At a conference in New York in 1938, Way presented a paper, "Nuclear Quadrupole and Magnetic Moments," in which she examined deformation of a spinning atomic nucleus under three models, including Niels Bohr's liquid drop model. She followed this up with a closer examination of the liquid drop model in a paper entitled "The Liquid-Drop Model and Nuclear Moments," in which she showed that the resulting cigar-shaped nucleus could be unstable. Wheeler later recalled that:

One day [Katherine Way] came in and reported a difficulty. The equations gave no solution in the case of a sufficiently highly charged nucleus turning at a sufficiently great angular velocity. It was clear that one had to do in this case with a kind of instability. It took only 1939 and the discovery of [[Otto Hahn|[Otto] Hahn]] and [[Fritz Strassmann|[Fritz] Strassmann]] to recognize the nature of the instability: nuclear fission. Why did we not go to the analysis of the higher order terms in the deformation energy and predict fission in advance of its discovery? It was not any difficulty in mathematics. It was a difficulty in the model. It failed to give the right magnitudes and the right trends for nuclear magnetic moments.

== Manhattan Project ==

In 1942, Wheeler recruited Way to work on the Manhattan Project at the Metallurgical Laboratory in Chicago. Working with physicist Alvin Weinberg, Way analyzed neutron flux data from Enrico Fermi's early nuclear reactor designs to see whether it would be possible to create a self-sustaining nuclear chain reaction. These calculations were put to use in the construction of Chicago Pile-1. Afterwards, she examined the problem of nuclear poisoning of reactors by certain fission products. With physicist Eugene Wigner she developed the Way–Wigner formula for decay heat.
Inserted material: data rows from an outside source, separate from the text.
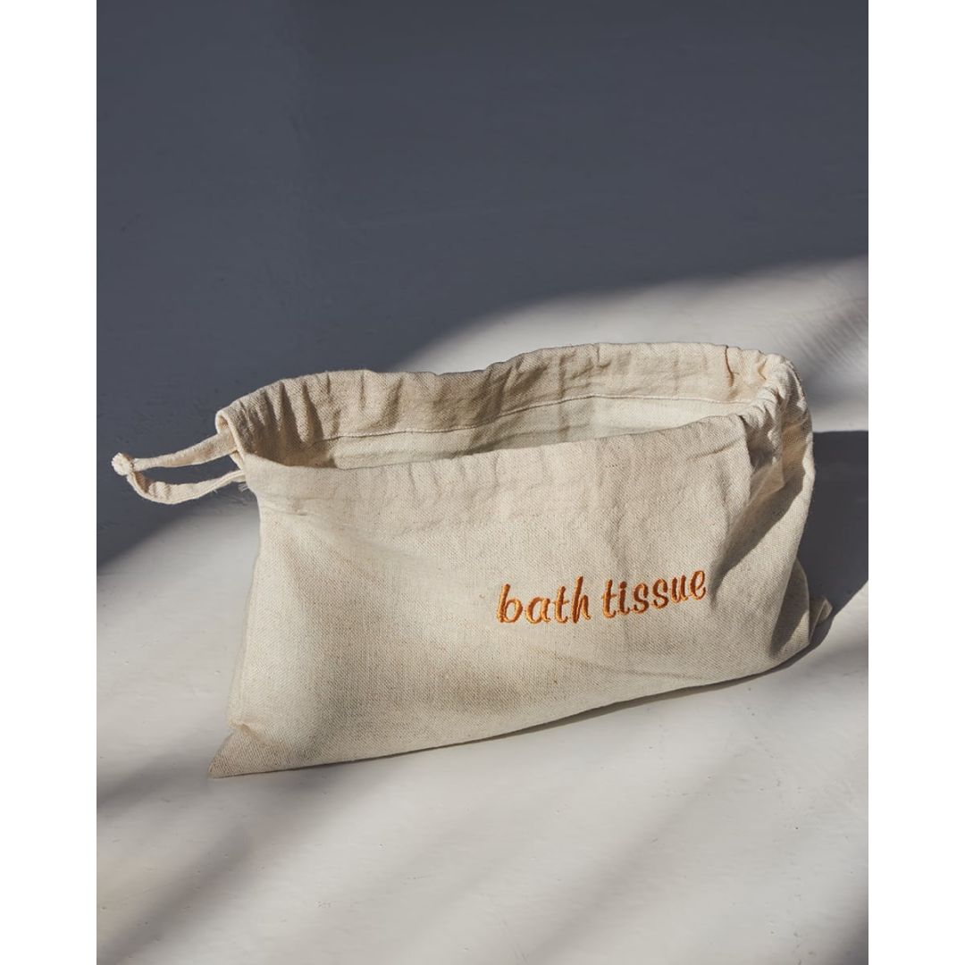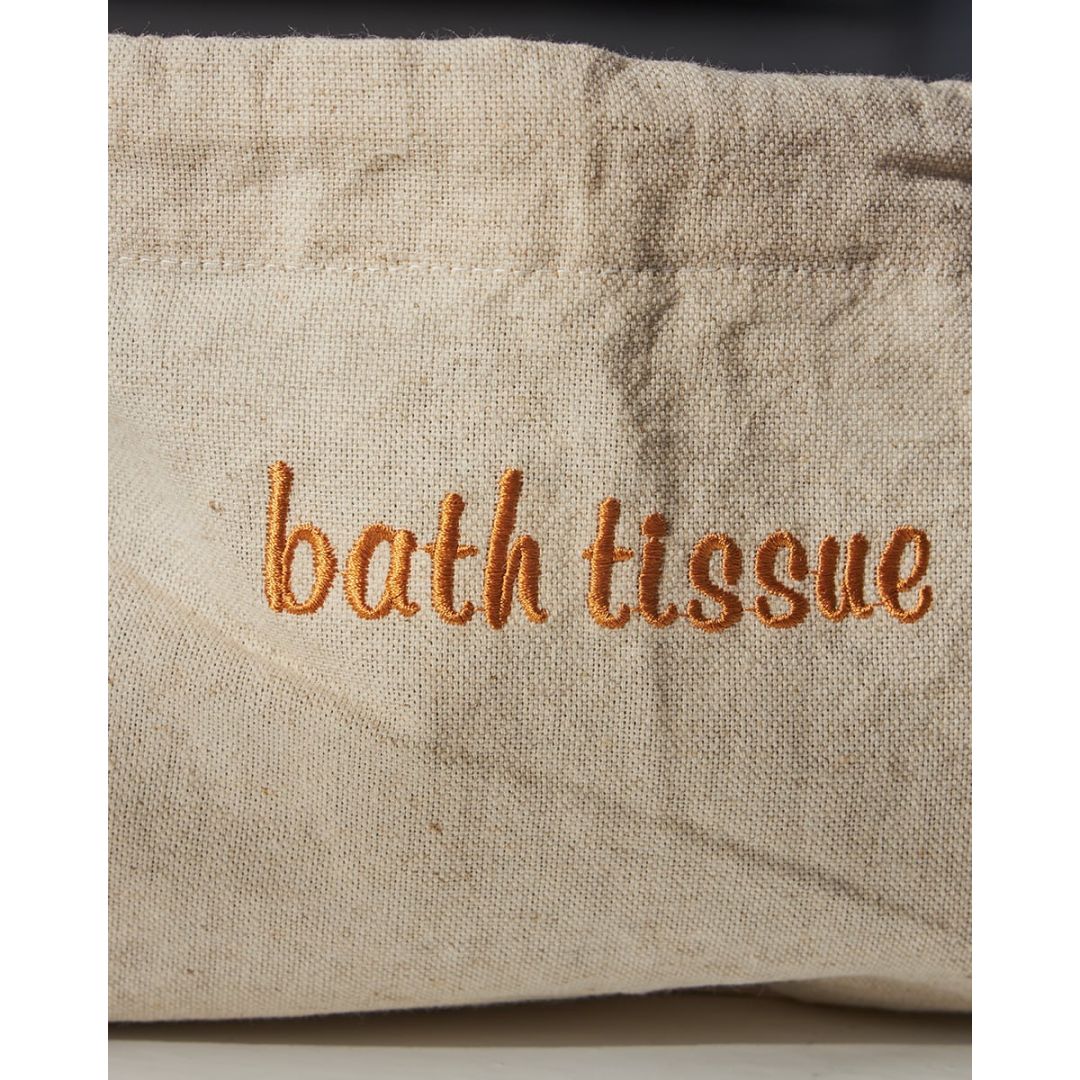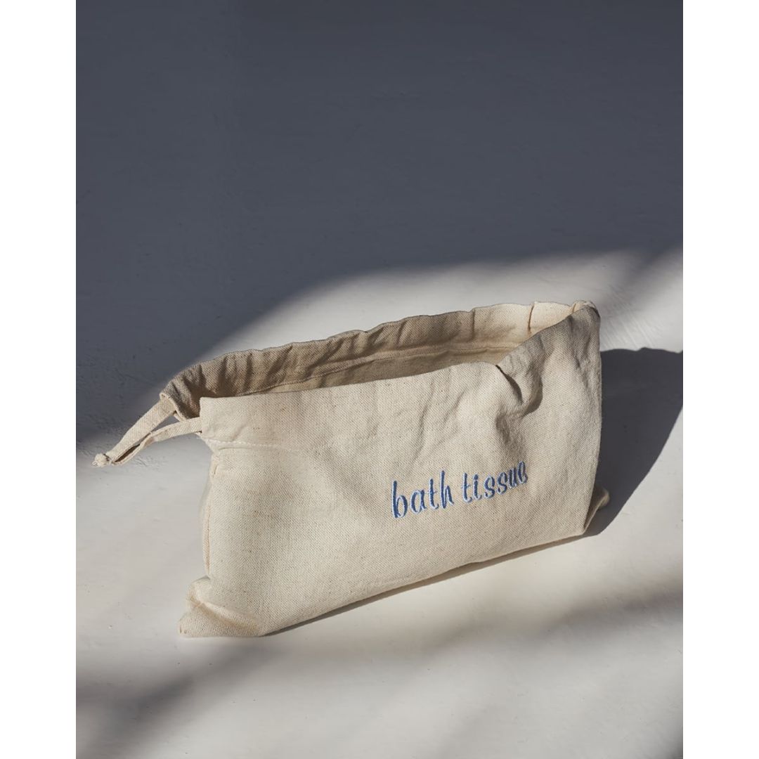 Κομψή θήκη αποθήκευσης, από καραβόπανο με κέντημα 'bath tissue'. Μια υπέροχη ιδέα για τον χώρο του μπάνιου. Διαθέσιμη σε 2 αποχρώσεις. Διάσταση: 33x20cm.
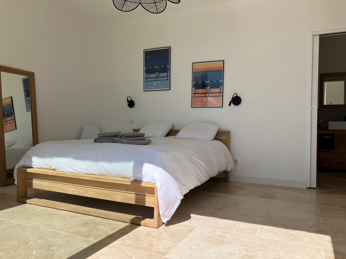 Située dans une magnifique bastide provençale entourée d’oliviers centenaires, cette chambre indépendante tout confort de 20 m2, avec salle de bain, WC et espace de travail, a été entièrement rénovée. Elle possède une entrée privée et un espace extérieur accessible par des escaliers. Vous pourrez garer votre voiture à l'intérieur de la propriété qui est clôturée et sécurisée. Ce havre de paix se trouve en position centrale sur la Côte d’Azur, à pied la gare de Biot et la plage sont à 15 minutes.
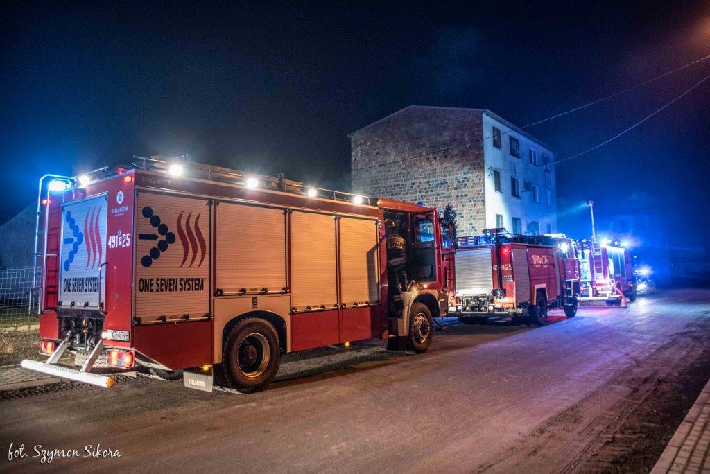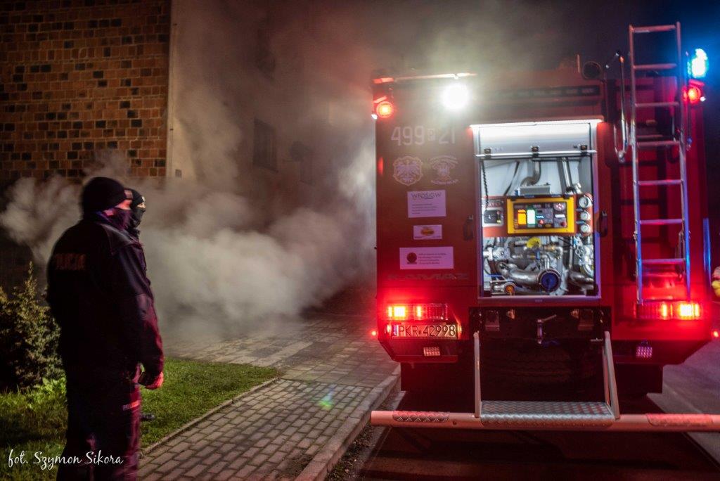 Po przybyciu na miejsce zastępów Straży Pożarnej, w wyniku przeprowadzonego rozpoznania Kierujący Działaniem Ratowniczym ustalił, że pali się drewno opałowe składowane w piwnicy. Przed przybyciem Jednostek Ochrony Przeciwpożarowej jeden z lokatorów obiektu podjął próbę gaszenia pożaru składowanego drewna wodą, która okazała się nieskuteczna. Obecny na miejscu patrol Policji przeprowadził ewakuację czternastu osób. Na szczęście nikt nie odniósł żadnych obrażeń.

Way also visited the Hanford Site and the Los Alamos Laboratory. In mid-1945 she moved to Oak Ridge, Tennessee, where she continued her research into nuclear decay. While there, she began to specialize in the collection and organization of nuclear data.

Despite contributing to the Manhattan Project, she questioned the morality of using the atomic bomb. She signed the Szilárd petition of 1945 and later co-edited the 1946 New York Times bestseller One World or None: a Report to the Public on the Full Meaning of the Atomic Bomb with Dexter Masters. The book included essays by Niels Bohr, Albert Einstein and Robert Oppenheimer, and sold over 100,000 copies. She also joined the Federation of Atomic Scientists, a group which was very concerned about the use of nuclear weapons for mass destruction and later became the Federation of American Scientists. Furthermore, her suggestions led William G. Pollard to establish of the Oak Ridge Institute of Nuclear Studies (now known as Oak Ridge Institute for Science and Education) in 1946 to develop peaceful applications for the nuclear science which came out of the Manhattan Project.

== Later life ==
Way moved to Washington, D.C., in 1949, where she went to work for the National Bureau of Standards. Four years later, she persuaded the National Academy of Sciences' National Research Council to establish the Nuclear Data Project (NDP), an organization with special responsibility for gathering and disseminating nuclear data, under her leadership. The NDP moved to the Oak Ridge National Laboratory in 1964, but Way remained its head until 1968. Beginning in 1964, the NDP published a journal, Nuclear Data Sheets, to disseminate the information that the NDP had gathered. This was joined the following year by a second journal, Atomic Data and Nuclear Data Tables. She also persuaded the editors of Nuclear Physics to add keywords to the subject headings of articles to facilitate cross-referencing.

Way left the NDP in 1968 to join the Triangle Universities Nuclear Laboratory, becoming an adjunct professor at Duke University in Durham, North Carolina. Meanwhile, she continued as editor of Nuclear Data Sheets until 1973, and Atomic Data and Nuclear Data Tables until 1982. In later life she became interested in the health problems of seniors, and lobbied for improved health care for them.

Way died at Chapel Hill, North Carolina, on December 9, 1995.